▸ RECORDED INFORMATION
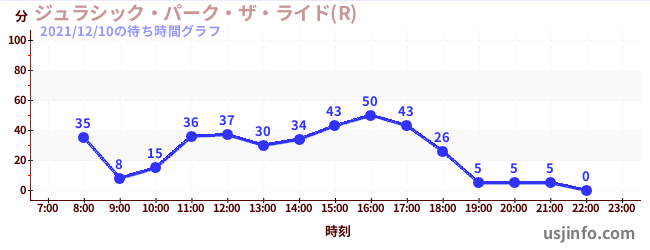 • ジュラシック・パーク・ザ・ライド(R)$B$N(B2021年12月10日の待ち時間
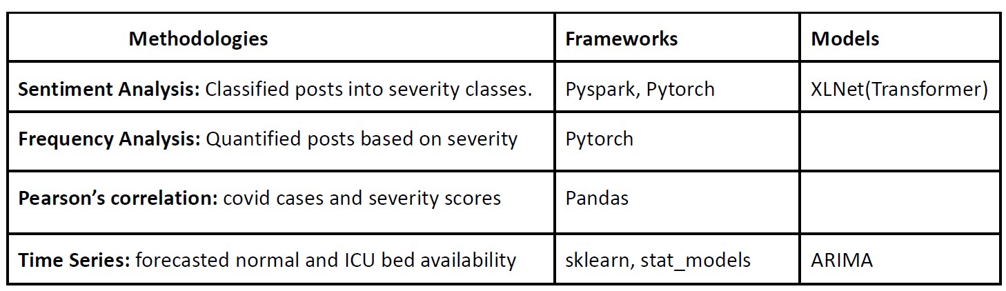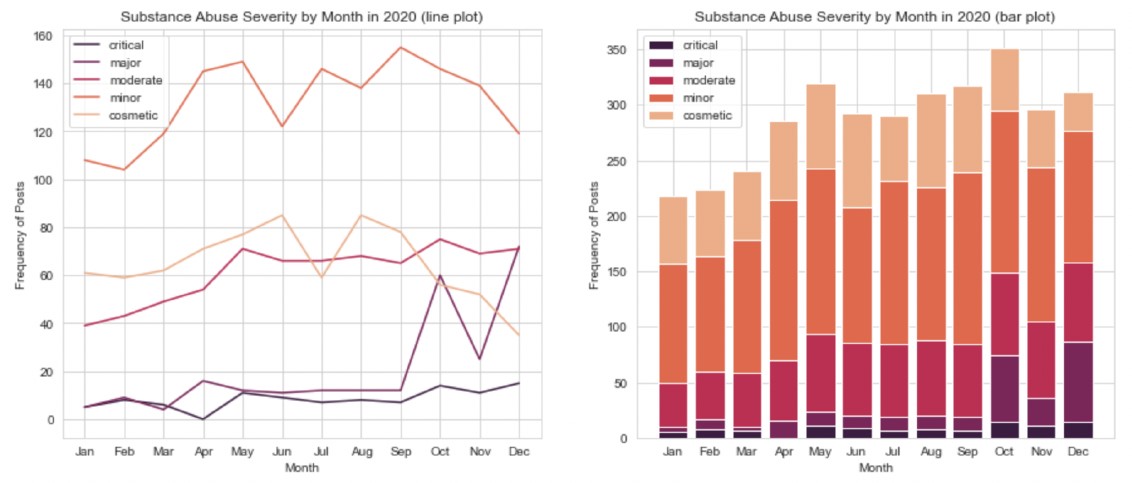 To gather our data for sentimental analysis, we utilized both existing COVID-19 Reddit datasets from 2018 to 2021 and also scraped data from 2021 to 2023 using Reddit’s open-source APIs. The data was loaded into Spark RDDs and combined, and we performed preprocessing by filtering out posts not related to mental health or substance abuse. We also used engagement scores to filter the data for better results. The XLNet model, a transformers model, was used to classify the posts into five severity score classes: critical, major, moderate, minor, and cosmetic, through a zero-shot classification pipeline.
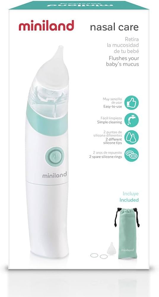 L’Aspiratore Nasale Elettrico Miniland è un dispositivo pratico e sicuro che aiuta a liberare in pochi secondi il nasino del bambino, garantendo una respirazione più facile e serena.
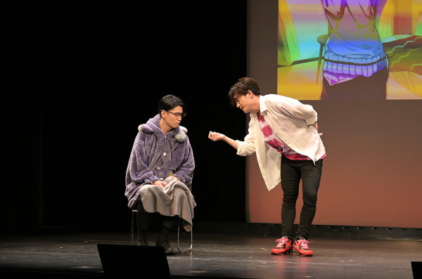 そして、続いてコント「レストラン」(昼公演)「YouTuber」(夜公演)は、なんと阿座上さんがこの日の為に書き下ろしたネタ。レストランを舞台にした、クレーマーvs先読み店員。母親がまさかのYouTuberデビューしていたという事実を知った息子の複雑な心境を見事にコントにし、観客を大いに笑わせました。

--

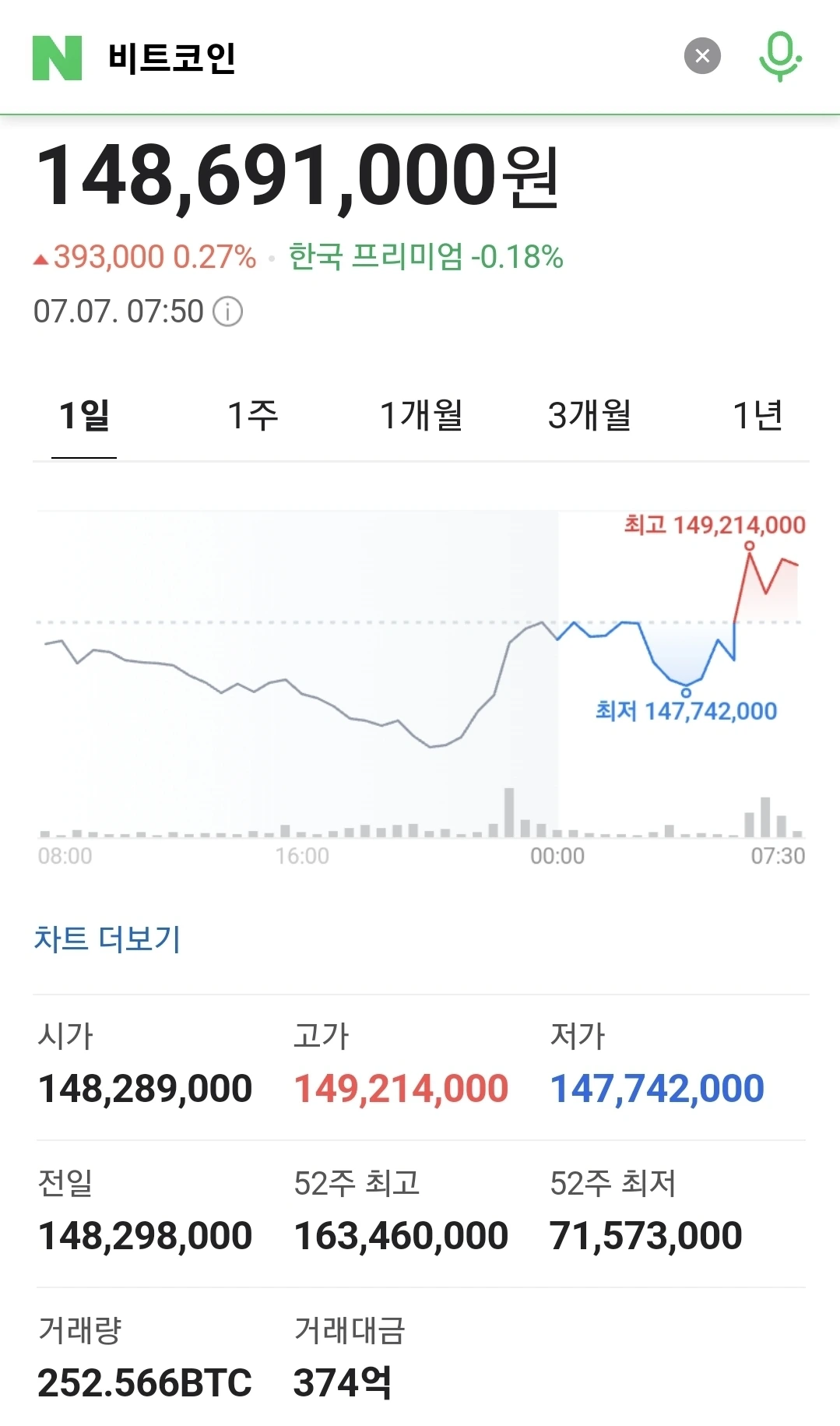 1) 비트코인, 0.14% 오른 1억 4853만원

▸ WHAT YOU HAVE TO DO
Exactly as written above, retype the lines starting at the one holding "To gather our" and ending at the one holding "そして、続いてコント「レスト", both included, but not the pictures.

▸ FINAL ANSWER
 To gather our data for sentimental analysis, we utilized both existing COVID-19 Reddit datasets from 2018 to 2021 and also scraped data from 2021 to 2023 using Reddit’s open-source APIs. The data was loaded into Spark RDDs and combined, and we performed preprocessing by filtering out posts not related to mental health or substance abuse. We also used engagement scores to filter the data for better results. The XLNet model, a transformers model, was used to classify the posts into five severity score classes: critical, major, moderate, minor, and cosmetic, through a zero-shot classification pipeline.
 L’Aspiratore Nasale Elettrico Miniland è un dispositivo pratico e sicuro che aiuta a liberare in pochi secondi il nasino del bambino, garantendo una respirazione più facile e serena.
 そして、続いてコント「レストラン」(昼公演)「YouTuber」(夜公演)は、なんと阿座上さんがこの日の為に書き下ろしたネタ。レストランを舞台にした、クレーマーvs先読み店員。母親がまさかのYouTuberデビューしていたという事実を知った息子の複雑な心境を見事にコントにし、観客を大いに笑わせました。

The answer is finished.